Data entries
————————
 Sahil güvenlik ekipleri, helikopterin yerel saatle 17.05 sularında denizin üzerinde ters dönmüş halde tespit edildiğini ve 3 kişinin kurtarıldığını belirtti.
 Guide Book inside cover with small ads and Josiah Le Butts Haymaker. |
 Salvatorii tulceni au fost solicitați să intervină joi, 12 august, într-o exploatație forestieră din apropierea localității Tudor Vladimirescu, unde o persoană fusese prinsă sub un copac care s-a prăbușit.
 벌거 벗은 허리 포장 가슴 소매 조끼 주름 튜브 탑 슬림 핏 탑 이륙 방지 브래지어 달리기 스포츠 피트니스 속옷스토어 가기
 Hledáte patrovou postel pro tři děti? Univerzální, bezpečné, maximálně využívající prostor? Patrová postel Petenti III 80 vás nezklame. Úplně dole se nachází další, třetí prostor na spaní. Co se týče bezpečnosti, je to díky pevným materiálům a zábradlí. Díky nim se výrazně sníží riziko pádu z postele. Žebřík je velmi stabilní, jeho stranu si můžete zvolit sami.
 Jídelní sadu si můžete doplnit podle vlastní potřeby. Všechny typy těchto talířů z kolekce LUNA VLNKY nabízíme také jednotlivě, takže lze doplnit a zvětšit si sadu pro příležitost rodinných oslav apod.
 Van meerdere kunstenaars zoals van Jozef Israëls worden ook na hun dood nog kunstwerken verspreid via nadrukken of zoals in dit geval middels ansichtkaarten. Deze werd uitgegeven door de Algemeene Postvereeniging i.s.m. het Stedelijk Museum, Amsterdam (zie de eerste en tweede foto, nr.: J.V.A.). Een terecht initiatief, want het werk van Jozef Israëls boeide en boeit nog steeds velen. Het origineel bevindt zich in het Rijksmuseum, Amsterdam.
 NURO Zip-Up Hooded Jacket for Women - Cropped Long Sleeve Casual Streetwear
————————
■ **Your goal**
Every record above is to be copied out again exactly as written.

■ **Final answer**
 Sahil güvenlik ekipleri, helikopterin yerel saatle 17.05 sularında denizin üzerinde ters dönmüş halde tespit edildiğini ve 3 kişinin kurtarıldığını belirtti.
 Guide Book inside cover with small ads and Josiah Le Butts Haymaker. |
 Salvatorii tulceni au fost solicitați să intervină joi, 12 august, într-o exploatație forestieră din apropierea localității Tudor Vladimirescu, unde o persoană fusese prinsă sub un copac care s-a prăbușit.
 벌거 벗은 허리 포장 가슴 소매 조끼 주름 튜브 탑 슬림 핏 탑 이륙 방지 브래지어 달리기 스포츠 피트니스 속옷스토어 가기
 Hledáte patrovou postel pro tři děti? Univerzální, bezpečné, maximálně využívající prostor? Patrová postel Petenti III 80 vás nezklame. Úplně dole se nachází další, třetí prostor na spaní. Co se týče bezpečnosti, je to díky pevným materiálům a zábradlí. Díky nim se výrazně sníží riziko pádu z postele. Žebřík je velmi stabilní, jeho stranu si můžete zvolit sami.
 Jídelní sadu si můžete doplnit podle vlastní potřeby. Všechny typy těchto talířů z kolekce LUNA VLNKY nabízíme také jednotlivě, takže lze doplnit a zvětšit si sadu pro příležitost rodinných oslav apod.
 Van meerdere kunstenaars zoals van Jozef Israëls worden ook na hun dood nog kunstwerken verspreid via nadrukken of zoals in dit geval middels ansichtkaarten. Deze werd uitgegeven door de Algemeene Postvereeniging i.s.m. het Stedelijk Museum, Amsterdam (zie de eerste en tweede foto, nr.: J.V.A.). Een terecht initiatief, want het werk van Jozef Israëls boeide en boeit nog steeds velen. Het origineel bevindt zich in het Rijksmuseum, Amsterdam.
 NURO Zip-Up Hooded Jacket for Women - Cropped Long Sleeve Casual Streetwear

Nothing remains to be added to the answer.